I haven't testing the regulator/rectifier yet, that's for tomorrow night.

What I'm wondering is, do I need to replace the stator or can it be fixed? I don't know much about electrical stuff, so I'm not sure what would cause the resistance to get out of spec. Do stators just get old and fail?

Any advice would be great. It doesn't seem like too hard of a part to find, but not super easy either.

Thanks.
 

·
Save them all!
Joined
·
4,278 Posts
Quick and dirty test of the actual stator output, unplug the main connector there and test the AC voltage with the engine running between the three pairs of yellow wires. You should get something fairly high.

You should have good continuity between the three pairs also, but none to ground.

Stators can go bad after a while - the insulation between the wires breaks down and the windings short against themselves and the engine case. It does happen.

Do you know if you have a permanent magnet rotor? Or a field coil?
 

·
Registered
Joined
·
29 Posts
Discussion Starter #4
Call a pro

I think I'm over my head with this issue. I'm going to bring it in to the shop and let a pro figure it out. I'm afraid I'll end up doing more damage than good.

I'll post what the culprit turned out to be in case anyone else runs across a similar issue.

Thanks,
Keith
 

·
Premium Member
Joined
·
5,274 Posts
Probably a good idea, if you can find one that knows about your old bike.

FWIW, based on that schematic, you have a variable-magnet alternator (same as in cars), and the regulator applies power to the magnet coils in the rotor via the striped wire shown. Because the rotor is spinning, there is a brush between it and that wire; the high resistance could mean that brush is bad or, it could mean the coils are going bad. The only way to verify and fix either is to remove the rotor.
 

·
Registered
Joined
·
29 Posts
Discussion Starter #6
So I took it to a shop called Obsession Motorsports in Gaithersburg and they replaced the reg/rectifier and sent the stator off to get rebuilt at Ricks. That seems to have fixed my problem. They lost a couple of parts and did a couple of things poorly, but nothing too horrible. I needed to replace the battery because the rectifier was probably the ultimate problem and AC was getting to the battery and cooked it. It would take a charge, but when I tested the voltage, as I was testing it, the voltage kept dropping.

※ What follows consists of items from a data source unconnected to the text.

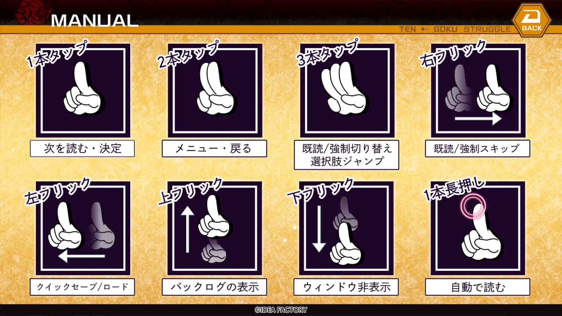 既読/未読スキップ/選択肢ジャンプ/オートモードや、クイックセーブ/ロード、巻き戻し機能など、快適にプレイできるシステムを搭載しています。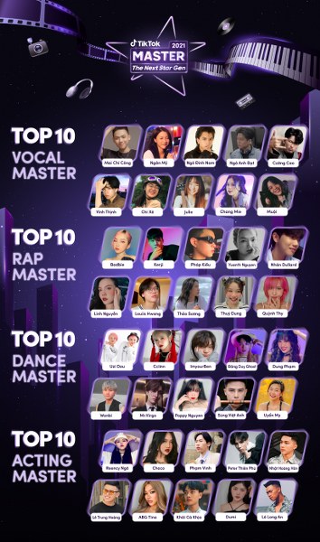 Với hơn 700 video dự thi chỉ sau 1 tuần khởi động, ban giám khảo TikTok Master đã lựa chọn ra Top 40 tài năng thuộc 4 hạng mục chính: #ActingMaster2021 (Diễn xuất), #DanceMaster2021 (Nhảy), #VocalMaster2021 (Hát), #RapMaster2021 (Rap). Các thí sinh sẽ tiếp tục "chạy đua" tại Vòng đồng hành với sự hỗ trợ của 4 ban giám khảo giàu kinh nghiệm: Erik, Quang Đăng, BB Trần và Pháo.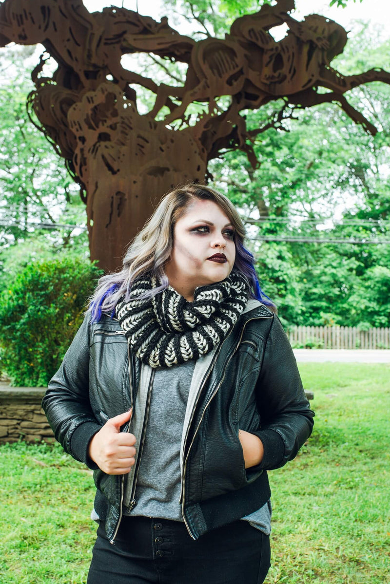 The Midnight Brioche Cowl is a knit cowl pattern made with super bulky weight yarn that has a skill level of intermediate.

With the new battery, it's now back on the road and seems to be charging the battery just fine.

I wasn't too happy to dump $600 into a bike I paid $650 for, but I think I'm still OK, even with the Mikuni carb upgrade, I'm still under $2,000 into the bike.
 

·
Save them all!
Joined
·
4,278 Posts
No, it's really not. At least you got it fixed and can ride it now, hopefully trouble free!
 

·
ZAMM Fanatic
Joined
·
2,732 Posts
Quick and dirty test of the actual stator output, unplug the main connector there and test the AC voltage with the engine running between the three pairs of yellow wires. You should get something fairly high.
NEVER unplug an alternator / stator while the engine is running.

Unless you like buying parts.

Unplug it THEN start it up.

>They lost a couple of parts

Order/buy the parts, and take them the bill. Otherwise they'll do it to the next guy, too. I 'effin hate careless, sloppy shops / techs.